What do with the egg?

james78

Hatching
Mar 20, 2015
4
0
9
My niece got an egg from her neighbors to have it hatch in her nest toy. Basically it has been sitting at a room temperature. A dumb idea indeed. Can this egg be returned to the chicken farm it was taken from and will that even work?
 
How old is the egg? It loses its fertility drastically the older it gets (i don't hatch anything older than one week).
 
Probably 2 days. They took my niece to the farm 2 days ago and she returned with an egg. Her parents don't want to do anything with it as they are vegetarians and live in an apartment.
 
A egg can sit for a week or more if cool. It will start developing when warmed up. If the eggs is fertile there is a chance it could still be viable.
On the other hand I get 20 eggs a day and would not want it back if it was from my flock.
 
They should probably just throw it out. Not worth the effort to try and return it, and if they're not going to eat it, just toss it I'd say. Or give it to someone who will eat it.
 
It was fertilized.
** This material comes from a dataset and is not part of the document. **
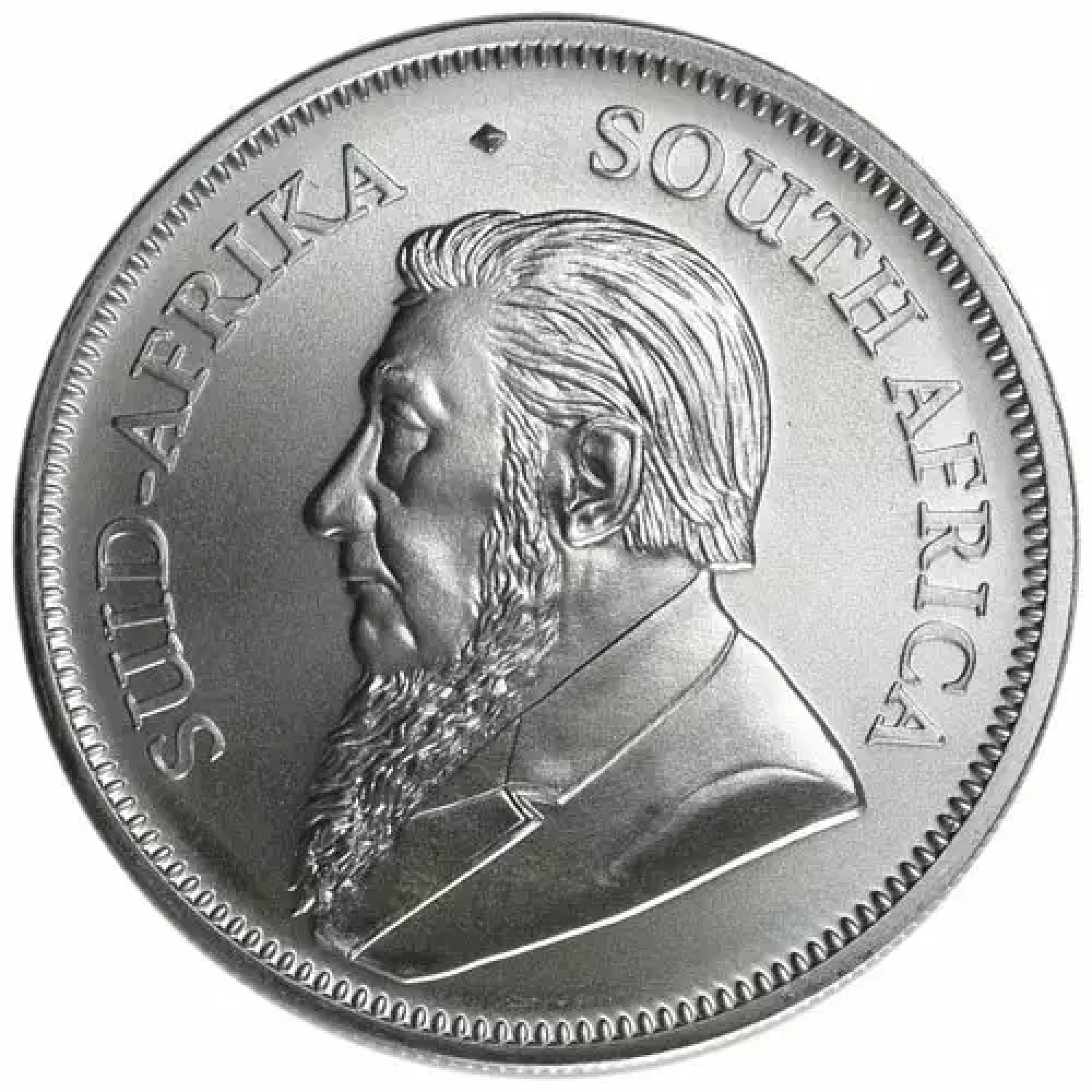 The reverse of this silver coin is the springbok, South Africa’s national animal. The Springbok or Antidorcas marsupialis is characteristic for its jumping ability. Modeled by the renowned South African sculptor, Coert Steynberg. On the obverse of the coin is Paul Kruger, South Africa's famous leader. The word "Krugerrand" is derived from Paul Kruger and the rand, the monetary unit of South Africa, which is associated with the Witwatersrand ‚the ridge of white water‘ – the gold producing area discovered in 1886 in South Africa.

They will definitively not eat it. For me it is more of a moral dilemma.
 
Last edited:
It was fertilized. They will definitively not eat it. For me it is more of a moral dilemma.

Most farm eggs are fertilized and are eaten. They are not growing baby chicks unless incubated. Fertilized eggs at room temp will keep for quite a while and can still be eaten or thrown away. You can even go to Trader Joes and buy a carton of fertile eggs for the purpose of eating, just like non fertile eggs from Publix or Walmart. What is causing the moral dilemma?
 
Most farm eggs are fertilized and are eaten. They are not growing baby chicks unless incubated. Fertilized eggs at room temp will keep for quite a while and can still be eaten or thrown away. You can even go to Trader Joes and buy a carton of fertile eggs for the purpose of eating, just like non fertile eggs from Publix or Walmart. What is causing the moral dilemma?

I agree with this. If not incubated, a chick will never develop. I don't see any difference between eating an unfertilized egg and a fertilized egg that hasn't been incubated to begin development. If you gave it to the farm, they'd probably just throw it out. It possible that it's not fertile and won't develop anyway (you can't tell without incubating it or cracking it open and looking for the "bullseye")
Since it won't hatch, I'd say throw out the egg and get a toy chick to put in it's place, to keep the imagination alive. It'll be obvious it's a toy, but kids are good at using their imagination to make things more real to them! It's near Easter so the little bouncing chick toys would do great :)
 
Plenty of people eat fertile eggs all the time. If you buy farm fresh eggs from a farm or even many places along a country road in rural settings, they are very likely fertile. Not incubated it will not develop. Not all fertile eggs are incubated. I would say that the vast majority are eaten.